Statistical analysis

The case definition was validated by comparing the algorithm results against the physician record review. Validation of the case definition involved the creation of a two-by-two table (Table 2) and the calculation of sensitivity, specificity, PPV, and NPV.

Table 2 Final case definition and case-finding algorithm.

To estimate the 2-year period prevalence of adult asthma, the case definition was applied to the sampling frame. All individuals over the age of 17y with at least one encounter with a SAPCReN-CPCSSN sentinel between January 1, 2015 and December 31, 2016 were included. Prevalence estimates were calculated as rate per hundred (cases/total sample × 100).

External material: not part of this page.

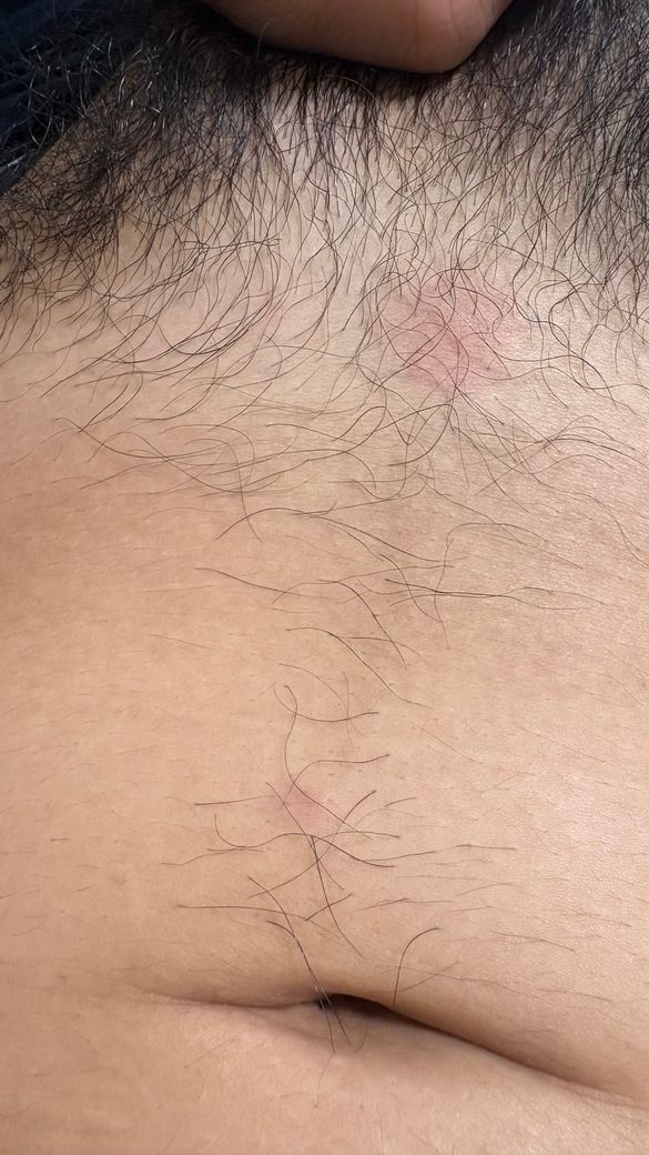 사진상 병변은 치골 상부 털이 있는 부위에 국소적으로 붉고 약간 융기된 병변으로 보이며, 중심 농포는 뚜렷하지 않지만 압통이 약간 동반된다는 점에서 초기 모낭염 또는 경미한 피부 염증 반응 가능성이 가장 높습니다. 꽉 끼는 바지로 인한 마찰과 습기, 땀에 의해 모낭 주위에 미세 손상이 생기면서 발생하는 경우가 흔합니다.

A chi-square test was used to determine if the age and sex distribution of the study sample was different from the Canadian population, using data from the 2016 census14.

Python 2.7.10 was used for data processing, implementation of the algorithm, and analysis, and SQLite was used for database management. STATA SE 15 was used to calculate 95% confidence intervals for the estimated proportions for the analysis.

Reporting summary

Further information on research design is available in the Nature Research Reporting Summary linked to this article.